Je reçois aussi la visite amicale et sympathique de Arnault et Marie-Laure ( Chap’s) qui s’apprêtent à revenir quelques semaines en Europe. Le premier jour Victor et Luc, du GLYWO, sont venus me rendre visite. Je les sens assez atterrés par ce qui m’est arrivé.
Au niveau communication, je restreins dans un premier temps l’information. Je ne souhaite pas expliquer la même chose à chacun. Cela irait à sens contraire de ma guérison psychologique.
Je conviens avec Fabienne que le blog permettra de communiquer. Et donc peu de gens sont au courant, hors notre famille et le GLYWO.
Je reçois des autres bateaux du GLYWO des communications courtes mais très stimulantes. Je comprends de certaines que l’on n’a pas mesuré à quel point la plongée en bouteilles peut être dangereuse, même lorsqu’il s’agit simplement de décoincer une ancre.
Je fais la connaissance de la doctoresse Charlotte Courtois qui me suit en pneumologie.
Excellent relationnel. Elle me prend très bien en mains. Elle comprend que je veux sortir vite. Elle m’impose toutefois des étapes et surtout de réussir certains tests. J’apprécie cette femme mariée avec le chef des urgences, indépendante, vive et sportive. On échange vite sur plein de sujets. Encore une personne remarquable au bon endroit.
Vient le moment de sortir. Je ne tiens plus en place. Je m’habille.
La veille, j’ai parcouru plus d’un kilomètre par tranche de 60 mètres dans le couloir de la pneumologie, sans oxygène. Une personne m’a demandé si je cherchais la sortie, tellement j’ai hanté ce couloir. J’avais fait un deal avec ma soignante, que je charriais sur ma capacité pulmonaire retrouvée... Tous les huit couloirs je m’arrêtais comme à un stand de formule 1, elle me prenait la teneur en oxygène et je repartais.
L’on a dû comprendre qu’il fallait libérer le fauve qui arpentait désormais sa cage dans tous les sens.
L’on m’a finalement signifié que l’on me supprimait l’oxygène et surtout que je pourrais sortir.
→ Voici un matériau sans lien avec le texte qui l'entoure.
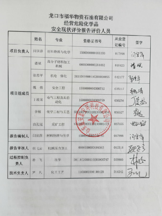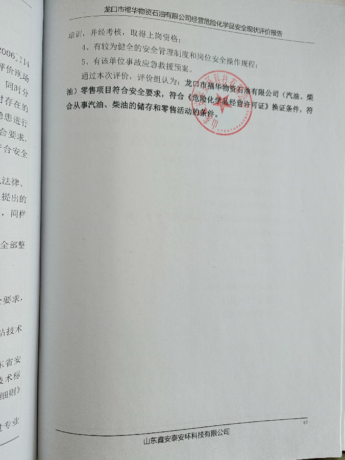 龙口市福华物资石油有限公司经营危险化学品安全评价报告

Joie et émotion. Tristesse aussi de laisser toutes ces équipes et personnes dévouées derrière moi.
Fabienne arrive avec Sébastien et Valentine. L’on charge mes rares affaires et l’on nous dépose au Hilton.
Fabienne et moi, après discussion animée avec Sébastien, lequel m’avait détaillé l’état de la houle et les conditions possiblement précaires à la marina de Taina, allons nous reposer pendant six jours, sans repasser par le bateau.
J’ai accepté quand j’ai compris que tout le monde insistait. Surtout Fabienne qui peinait à remonter la pente psychologique du post traumatisme.
L’on y apprécie une forme de luxe, dont j’avais oublié jusqu’à l’existence depuis plus de neuf mois. Des massages nous sont prodigués, ce qui fait un bien inouï. Et surtout, l’on peut calmement reconstruire notre histoire en couple et communiquer avec l’extérieur, notamment par le blog, grâce à un wifi très performant.
Voilà, je conclus cet article en vous remerciant tous pour vos chaleureux messages. Ils nous ont beaucoup touchés. On a répondu, j’espère, à chacun. Et l’aventure continuera encore quelques semaines.

On se repose au Hilton de Papeete et on y est -fort- bien.
Continuez de nous écrire. On apprécie vraiment tous vos messages.